Overview
riddle_map crawls a website starting from a given URL and returns every discoverable page. Use it to build sitemaps, plan crawls, or audit site structure.
How it works
Starting from your URL, the crawler follows internal links breadth-first, respecting robots.txt by default. You control the max page count and can filter URLs with include/exclude patterns.
Endpoint
POST
/v1/mapcurl -X POST "https://api.riddledc.com/v1/map" \
-H "Authorization: Bearer YOUR_API_KEY" \
-H "Content-Type: application/json" \
-d '{"url": "https://example.com", "max_pages": 500}'Parameters
| Parameter | Type | Description |
|---|---|---|
url | string | Required. Starting URL to crawl from. |
max_pages | number | Maximum pages to discover. Default: 500 |
include_patterns | string[] | Only follow URLs matching these glob patterns.

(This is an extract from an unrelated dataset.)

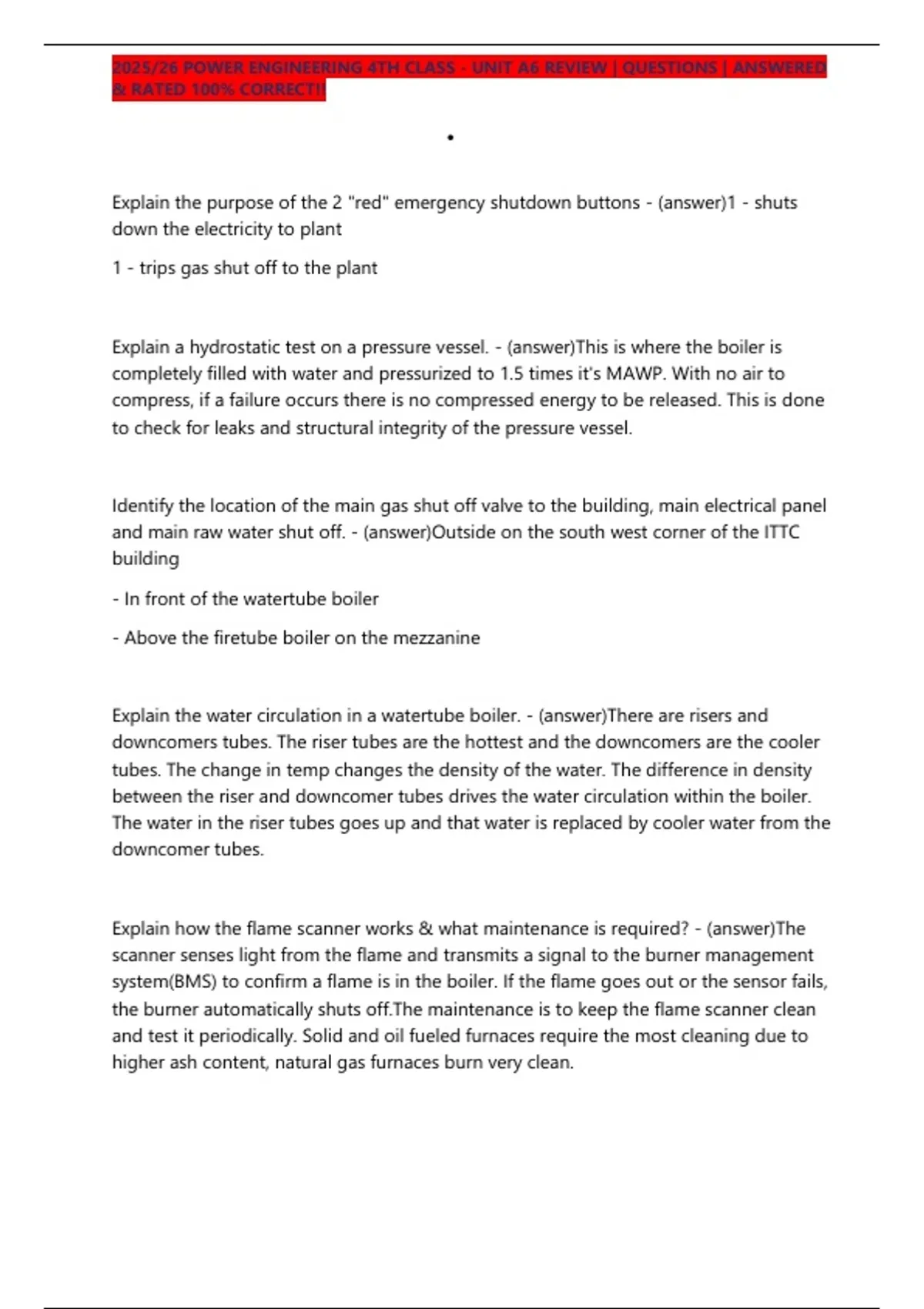 2025/26 POWER ENGINEERING 4TH CLASS - UNIT A6 REVIEW | 100 QUESTIONS | ANSWERED & RATED 100% CORRECT!!

E.g. ["/blog/*"] |
exclude_patterns | string[] | Skip URLs matching these glob patterns. E.g. ["/admin/*"] |
respect_robots | boolean | Honor robots.txt directives. Default: true |
Response
{
"urls": [
"https://example.com",
"https://example.com/about",
"https://example.com/blog",
"https://example.com/blog/first-post",
"https://example.com/contact"
],
"count": 5
}Examples
JavaScript
const response = await fetch("https://api.riddledc.com/v1/map", {
method: "POST",
headers: {
"Authorization": `Bearer ${RIDDLE_API_KEY}`,
"Content-Type": "application/json"
},
body: JSON.stringify({
url: "https://example.com",
max_pages: 500
})
});
const { urls, count } = await response.json();
console.log(`Found ${count} pages`);Filtered Crawl
const { urls } = await fetch("https://api.riddledc.com/v1/map", {
method: "POST",
headers: {
"Authorization": `Bearer ${RIDDLE_API_KEY}`,
"Content-Type": "application/json"
},
body: JSON.stringify({
url: "https://example.com",
max_pages: 200,
include_patterns: ["/blog/*", "/docs/*"],
exclude_patterns: ["/admin/*", "/internal/*"]
})
}).then(r => r.json());Map Then Scrape
Combine with riddle_scrape to extract content from every discovered page:
// 1. Discover all pages
const { urls } = await fetch("https://api.riddledc.com/v1/map", {
method: "POST",
headers: {
"Authorization": `Bearer ${RIDDLE_API_KEY}`,
"Content-Type": "application/json"
},
body: JSON.stringify({ url: "https://example.com", max_pages: 100 })
}).then(r => r.json());
// 2. Scrape each page
const results = await Promise.all(
urls.map(url =>
fetch("https://api.riddledc.com/v1/scrape", {
method: "POST",
headers: {
"Authorization": `Bearer ${RIDDLE_API_KEY}`,
"Content-Type": "application/json"
},
body: JSON.stringify({ url })
}).then(r => r.json())
)
);Use Cases
Sitemap Generation
Discover all pages and generate an XML sitemap automatically.
Link Auditing
Find all internal links to check for broken pages or orphaned content.
Pre-Crawl Planning
Map the site first, then use riddle_crawl to extract content from targeted pages.
Site Structure Analysis
Understand URL patterns and information architecture at a glance.